• **ASSIGNMENT**: Apart from the images, repeat the data below exactly as written.

• **DATA SECTION**:
-=-=-=-=-

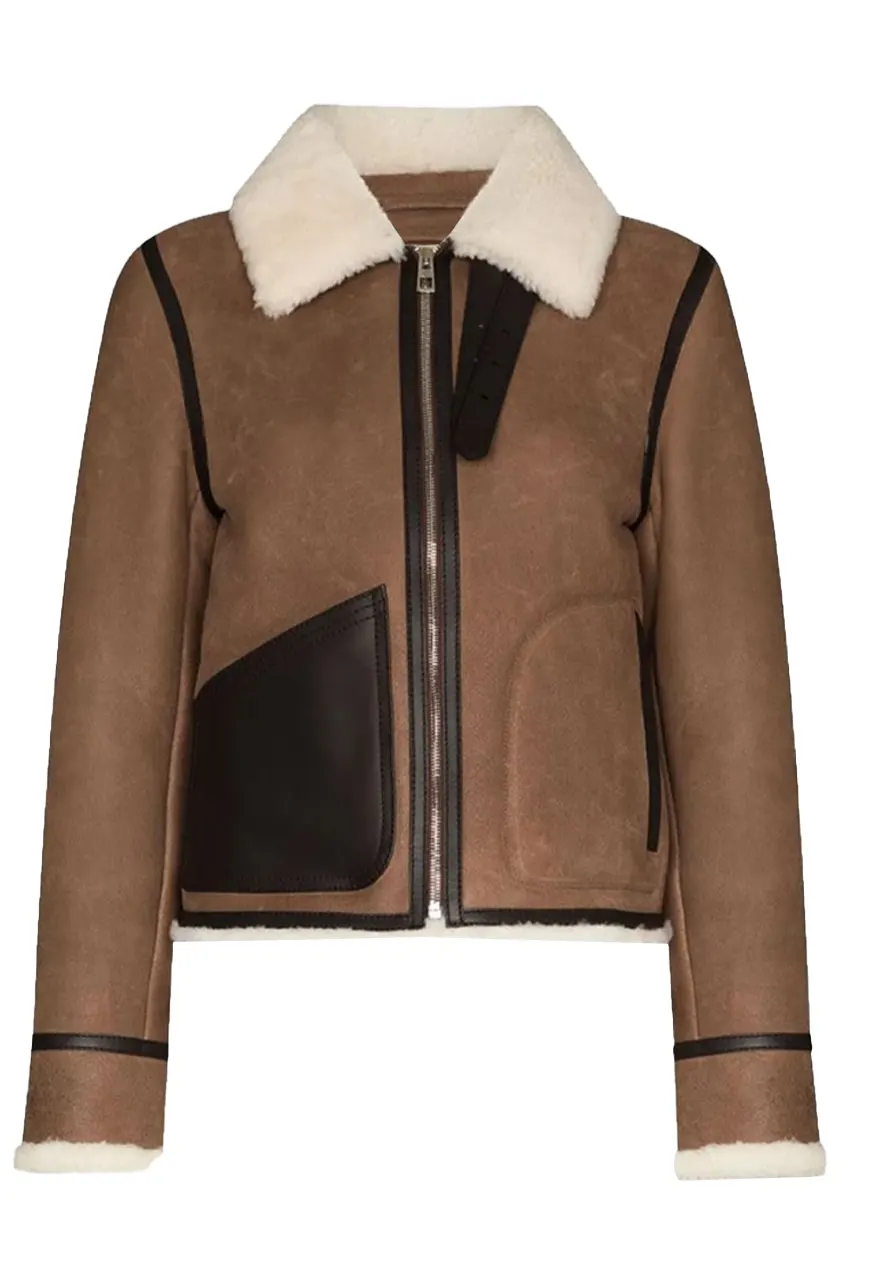 Sara Shearling Spread Fur Collar Aviator Brown Leather Jacket
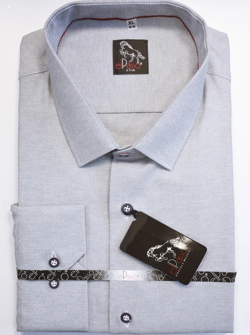 Koszula męska elegancka jednolita szara długi rękaw na guziki
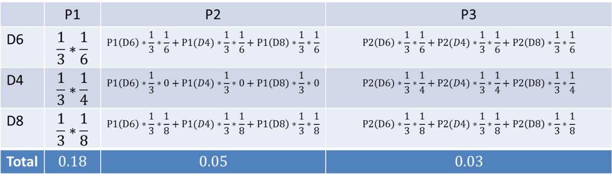 - 1,6,3 => P3(D4) = P2(D6) P(3|D4) P(D4) =
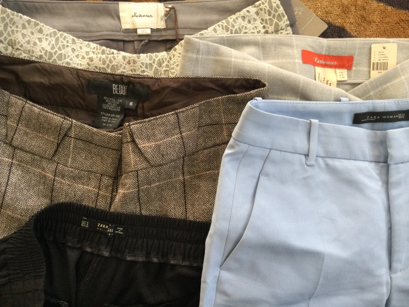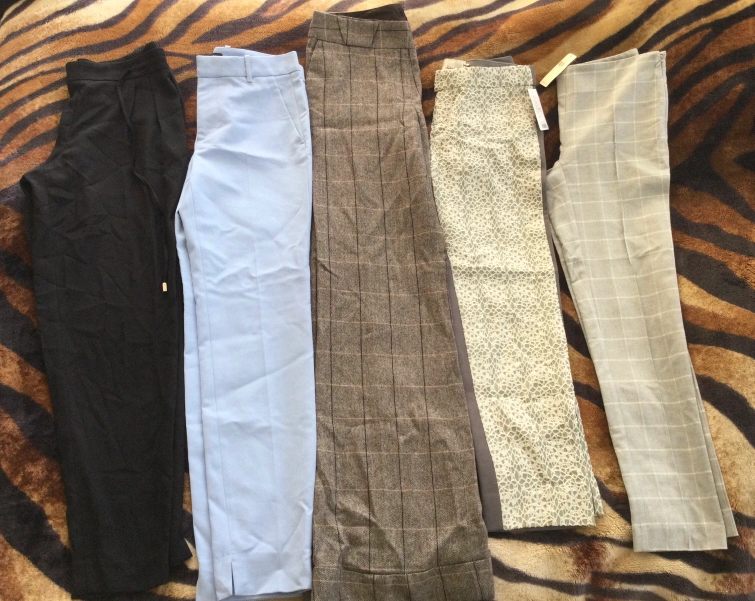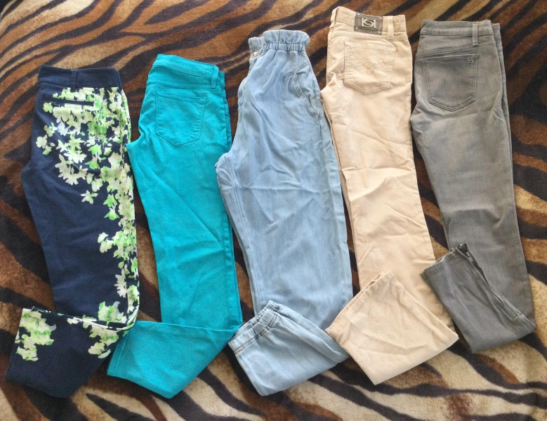Brands: Zara, Bebe, Joeโ€™s, Anthropologie. All in excellent condition. Zara blue jeans, Bebe corduroy beige jeans, Zara sky blue pants, Anthropologie grey pants are brand new.

-=-=-=-=-

• **ANSWER SPACE**:
 Sara Shearling Spread Fur Collar Aviator Brown Leather Jacket
 Koszula męska elegancka jednolita szara długi rękaw na guziki
 - 1,6,3 => P3(D4) = P2(D6) P(3|D4) P(D4) =
Brands: Zara, Bebe, Joeโ€™s, Anthropologie. All in excellent condition. Zara blue jeans, Bebe corduroy beige jeans, Zara sky blue pants, Anthropologie grey pants are brand new.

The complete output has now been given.